[THE PROBLEM]:
Exactly as they appear, restate the lines of the material, from the first through the one containing "Eximbank giữ nguyên".

:: RECORD EXTRACTS ::

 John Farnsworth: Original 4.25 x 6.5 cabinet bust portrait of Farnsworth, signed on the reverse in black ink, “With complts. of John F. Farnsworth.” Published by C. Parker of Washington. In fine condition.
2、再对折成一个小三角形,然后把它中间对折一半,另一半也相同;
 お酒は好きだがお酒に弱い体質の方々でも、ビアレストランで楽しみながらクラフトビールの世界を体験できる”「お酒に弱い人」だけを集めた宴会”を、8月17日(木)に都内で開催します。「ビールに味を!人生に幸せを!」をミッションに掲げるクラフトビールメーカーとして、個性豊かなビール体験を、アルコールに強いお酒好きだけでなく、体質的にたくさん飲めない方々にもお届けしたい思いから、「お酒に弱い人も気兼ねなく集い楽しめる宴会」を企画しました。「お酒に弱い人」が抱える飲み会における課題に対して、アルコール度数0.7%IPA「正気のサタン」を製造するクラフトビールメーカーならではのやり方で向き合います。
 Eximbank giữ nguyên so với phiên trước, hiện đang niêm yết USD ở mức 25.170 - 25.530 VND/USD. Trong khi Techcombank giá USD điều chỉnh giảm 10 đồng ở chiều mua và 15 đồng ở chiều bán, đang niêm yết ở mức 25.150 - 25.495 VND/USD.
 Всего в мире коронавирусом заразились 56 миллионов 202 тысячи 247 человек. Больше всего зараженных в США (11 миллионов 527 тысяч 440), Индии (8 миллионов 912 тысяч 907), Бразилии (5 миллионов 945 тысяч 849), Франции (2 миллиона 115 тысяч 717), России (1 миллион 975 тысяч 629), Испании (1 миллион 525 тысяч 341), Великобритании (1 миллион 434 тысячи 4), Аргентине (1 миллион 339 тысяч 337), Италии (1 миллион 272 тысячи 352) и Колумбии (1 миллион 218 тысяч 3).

:::

[TASK RESULT]:
 John Farnsworth: Original 4.25 x 6.5 cabinet bust portrait of Farnsworth, signed on the reverse in black ink, “With complts. of John F. Farnsworth.” Published by C. Parker of Washington. In fine condition.
2、再对折成一个小三角形,然后把它中间对折一半,另一半也相同;
 お酒は好きだがお酒に弱い体質の方々でも、ビアレストランで楽しみながらクラフトビールの世界を体験できる”「お酒に弱い人」だけを集めた宴会”を、8月17日(木)に都内で開催します。「ビールに味を!人生に幸せを!」をミッションに掲げるクラフトビールメーカーとして、個性豊かなビール体験を、アルコールに強いお酒好きだけでなく、体質的にたくさん飲めない方々にもお届けしたい思いから、「お酒に弱い人も気兼ねなく集い楽しめる宴会」を企画しました。「お酒に弱い人」が抱える飲み会における課題に対して、アルコール度数0.7%IPA「正気のサタン」を製造するクラフトビールメーカーならではのやり方で向き合います。
 Eximbank giữ nguyên so với phiên trước, hiện đang niêm yết USD ở mức 25.170 - 25.530 VND/USD. Trong khi Techcombank giá USD điều chỉnh giảm 10 đồng ở chiều mua và 15 đồng ở chiều bán, đang niêm yết ở mức 25.150 - 25.495 VND/USD.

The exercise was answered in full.